Several years back I spent a lot of time squealing fox at night. I'm looking to get back into night hunting, but I haven't been able to track down any of the old red-filtered headlamps with a plain ol' battery pack like we used to wear.

I'm looking for something I can shine continuously while scanning for fox and coyotes. I'll be using a shotgun, so I'm not interested in mounting anything on a scope. Also, I'm not interested in any hand-held spotlights.

Any advice?


----------



## medium mouth (Dec 5, 2006)

i imagine you can get something from nite lite..i get the magazine and im pretty sure theres red lenses you can get for your headlights..i have a head lamp and i love it, the battery lasts a long time


----------



## walkerdog (May 13, 2009)

Check into bright eyes lights. I have the 28volt and love it


----------



## CoachG (Feb 18, 2009)

walkerdog said:


> Check into bright eyes lights. I have the 28volt and love it


Looking at their website, I was wondering if you knew anything about the featherlights or if you had a traditional headlamp?

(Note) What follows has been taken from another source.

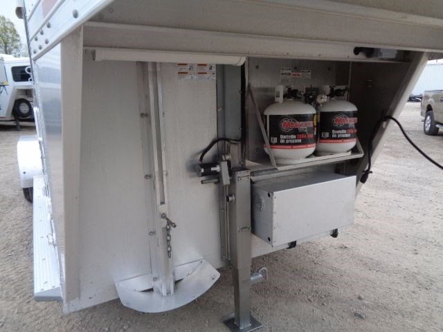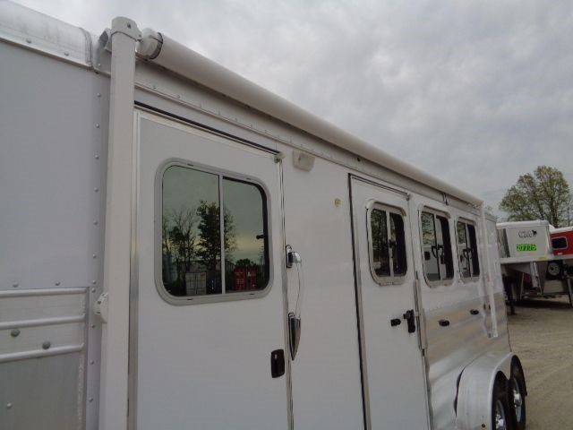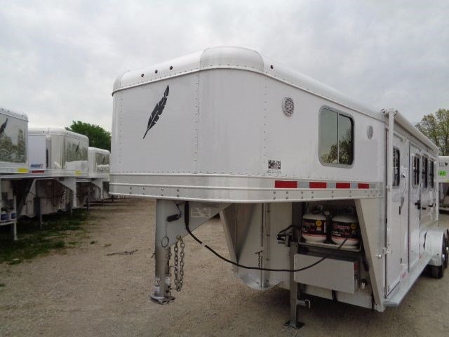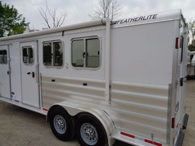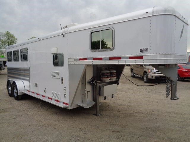 2013 Featherlite Model #8533 3 Horse Gooseneck Trailer With a 6' Short Wall Living Quarters. This All Aluminum Trailer Is 6'7" Wide x 7' Tall With a 20'Floor Length. Living Quarters Included A Separate Toilet/Shower Room With an Electric Exhaust Fan/Skylight. Also Comes With Refrigerator/Freezer, Microwave With Vent Hood, Dual Gas Burner Cooktop, S.S. Kitchen Sink, LED Interior Lights As Well As Ducted Heat & Air Conditioning, Camper Door With Separate Screen Door & a 16' Manual Awning. Horse Stall Area Includes 3/4" Thick Rubber Floor Mats, Collapsible Rear Tack Wall With Removable Saddle Rack Post, Halter Hooks & Brush Box Mounted On Rear Door. Outside Of Trailer Features Mirrored Glass Windows, Water Spigot, Dual Batteries With Aluminum Battery Box, Dual Propane Tanks, Electric Landing Gear, (2) Rear LED Load Lights & Much, Much More.

More specifically, are the featherlights worn around the head or waist?


----------



## CoachG (Feb 18, 2009)

medium mouth said:


> i imagine you can get something from nite lite..i get the magazine and im pretty sure theres red lenses you can get for your headlights..i have a head lamp and i love it, the battery lasts a long time


I went ahead and went with this suggestion. I'm waiting for it to arrive in the mail now. I'll let you know what I think. Thanks!


----------



## CoachG (Feb 18, 2009)

Got my rechargeable Nite Lite today. Went outside and immediately saw a cat's eyes in a neighbor's yard about 100 yards out. Just have to get a red filter! Thanks for the suggestion.


----------